● ACTIVITY
Nothing should appear in the answer except the lines below from the line containing "அசாமில் உள்ள நாளிதழில்" through the line containing "KOHLER Purist Brushed", copied exactly, with pictures left out.

● RECORDS SUPPLIED
-=-=-=-=-
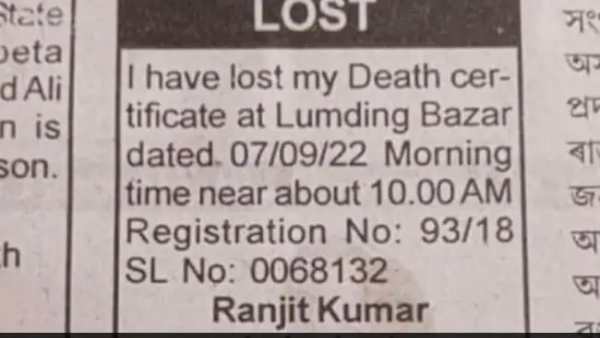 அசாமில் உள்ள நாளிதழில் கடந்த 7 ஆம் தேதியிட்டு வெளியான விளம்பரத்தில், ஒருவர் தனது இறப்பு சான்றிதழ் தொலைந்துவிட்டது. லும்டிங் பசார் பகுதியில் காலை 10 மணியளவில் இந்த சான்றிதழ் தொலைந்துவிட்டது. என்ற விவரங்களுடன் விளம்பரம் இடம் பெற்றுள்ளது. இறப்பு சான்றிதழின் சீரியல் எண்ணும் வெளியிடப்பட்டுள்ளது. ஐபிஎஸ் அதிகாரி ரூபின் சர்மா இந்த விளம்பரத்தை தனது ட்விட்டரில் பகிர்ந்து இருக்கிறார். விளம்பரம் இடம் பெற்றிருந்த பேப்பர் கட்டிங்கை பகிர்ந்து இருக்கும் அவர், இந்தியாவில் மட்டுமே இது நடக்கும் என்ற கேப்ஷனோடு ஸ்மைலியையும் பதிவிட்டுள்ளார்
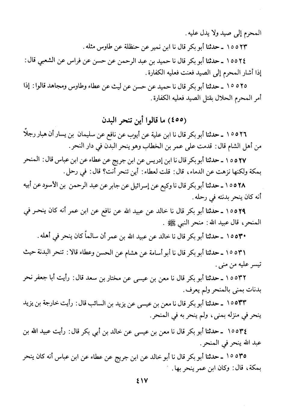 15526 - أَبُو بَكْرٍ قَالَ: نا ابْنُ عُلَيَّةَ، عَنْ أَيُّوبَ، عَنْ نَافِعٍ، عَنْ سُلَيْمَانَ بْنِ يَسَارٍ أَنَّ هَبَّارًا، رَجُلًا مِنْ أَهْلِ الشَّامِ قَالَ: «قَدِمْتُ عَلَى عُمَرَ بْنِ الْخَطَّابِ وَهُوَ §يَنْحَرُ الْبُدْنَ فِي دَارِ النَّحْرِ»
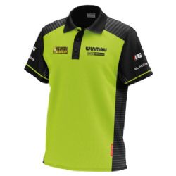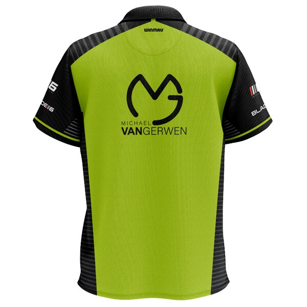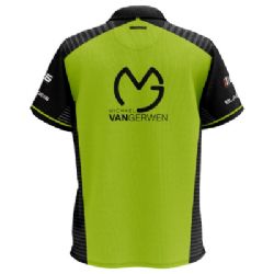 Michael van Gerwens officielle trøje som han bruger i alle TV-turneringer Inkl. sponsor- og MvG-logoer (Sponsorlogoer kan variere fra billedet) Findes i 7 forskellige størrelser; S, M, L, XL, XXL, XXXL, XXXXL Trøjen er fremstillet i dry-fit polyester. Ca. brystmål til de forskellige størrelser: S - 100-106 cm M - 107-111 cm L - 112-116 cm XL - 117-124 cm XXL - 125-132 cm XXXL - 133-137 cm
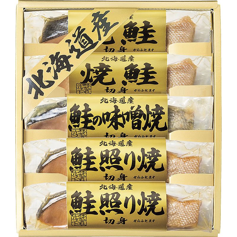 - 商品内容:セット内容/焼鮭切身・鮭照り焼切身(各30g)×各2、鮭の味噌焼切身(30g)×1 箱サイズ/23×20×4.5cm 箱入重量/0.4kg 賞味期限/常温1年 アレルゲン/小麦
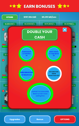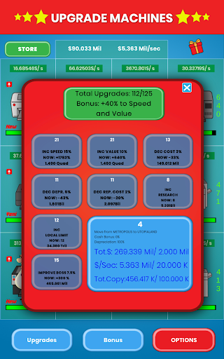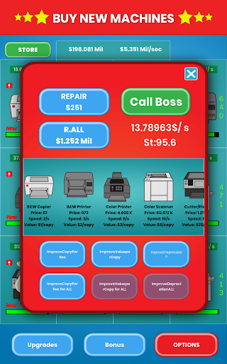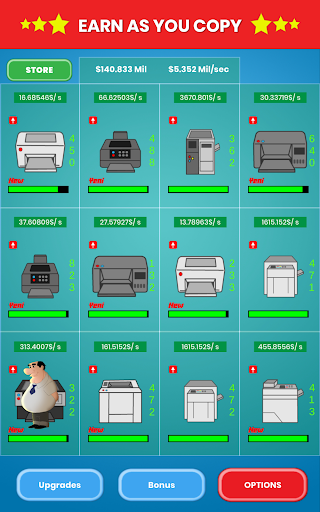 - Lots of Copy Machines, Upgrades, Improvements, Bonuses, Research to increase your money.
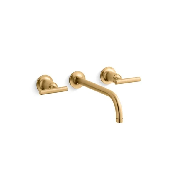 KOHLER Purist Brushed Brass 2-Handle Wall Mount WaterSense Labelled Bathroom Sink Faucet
-=-=-=-=-
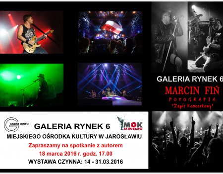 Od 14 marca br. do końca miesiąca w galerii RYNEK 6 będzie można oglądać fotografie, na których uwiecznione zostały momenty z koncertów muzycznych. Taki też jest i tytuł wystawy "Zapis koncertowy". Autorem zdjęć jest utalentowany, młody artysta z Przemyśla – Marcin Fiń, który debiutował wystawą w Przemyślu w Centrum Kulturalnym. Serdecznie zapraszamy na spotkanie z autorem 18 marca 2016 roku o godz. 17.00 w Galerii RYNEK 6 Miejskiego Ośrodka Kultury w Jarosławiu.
-=-=-=-=-
● PROBLEM SOLUTION
 அசாமில் உள்ள நாளிதழில் கடந்த 7 ஆம் தேதியிட்டு வெளியான விளம்பரத்தில், ஒருவர் தனது இறப்பு சான்றிதழ் தொலைந்துவிட்டது. லும்டிங் பசார் பகுதியில் காலை 10 மணியளவில் இந்த சான்றிதழ் தொலைந்துவிட்டது. என்ற விவரங்களுடன் விளம்பரம் இடம் பெற்றுள்ளது. இறப்பு சான்றிதழின் சீரியல் எண்ணும் வெளியிடப்பட்டுள்ளது. ஐபிஎஸ் அதிகாரி ரூபின் சர்மா இந்த விளம்பரத்தை தனது ட்விட்டரில் பகிர்ந்து இருக்கிறார். விளம்பரம் இடம் பெற்றிருந்த பேப்பர் கட்டிங்கை பகிர்ந்து இருக்கும் அவர், இந்தியாவில் மட்டுமே இது நடக்கும் என்ற கேப்ஷனோடு ஸ்மைலியையும் பதிவிட்டுள்ளார்
 15526 - أَبُو بَكْرٍ قَالَ: نا ابْنُ عُلَيَّةَ، عَنْ أَيُّوبَ، عَنْ نَافِعٍ، عَنْ سُلَيْمَانَ بْنِ يَسَارٍ أَنَّ هَبَّارًا، رَجُلًا مِنْ أَهْلِ الشَّامِ قَالَ: «قَدِمْتُ عَلَى عُمَرَ بْنِ الْخَطَّابِ وَهُوَ §يَنْحَرُ الْبُدْنَ فِي دَارِ النَّحْرِ»
 Michael van Gerwens officielle trøje som han bruger i alle TV-turneringer Inkl. sponsor- og MvG-logoer (Sponsorlogoer kan variere fra billedet) Findes i 7 forskellige størrelser; S, M, L, XL, XXL, XXXL, XXXXL Trøjen er fremstillet i dry-fit polyester. Ca. brystmål til de forskellige størrelser: S - 100-106 cm M - 107-111 cm L - 112-116 cm XL - 117-124 cm XXL - 125-132 cm XXXL - 133-137 cm
 - 商品内容:セット内容/焼鮭切身・鮭照り焼切身(各30g)×各2、鮭の味噌焼切身(30g)×1 箱サイズ/23×20×4.5cm 箱入重量/0.4kg 賞味期限/常温1年 アレルゲン/小麦
 - Lots of Copy Machines, Upgrades, Improvements, Bonuses, Research to increase your money.
 KOHLER Purist Brushed Brass 2-Handle Wall Mount WaterSense Labelled Bathroom Sink Faucet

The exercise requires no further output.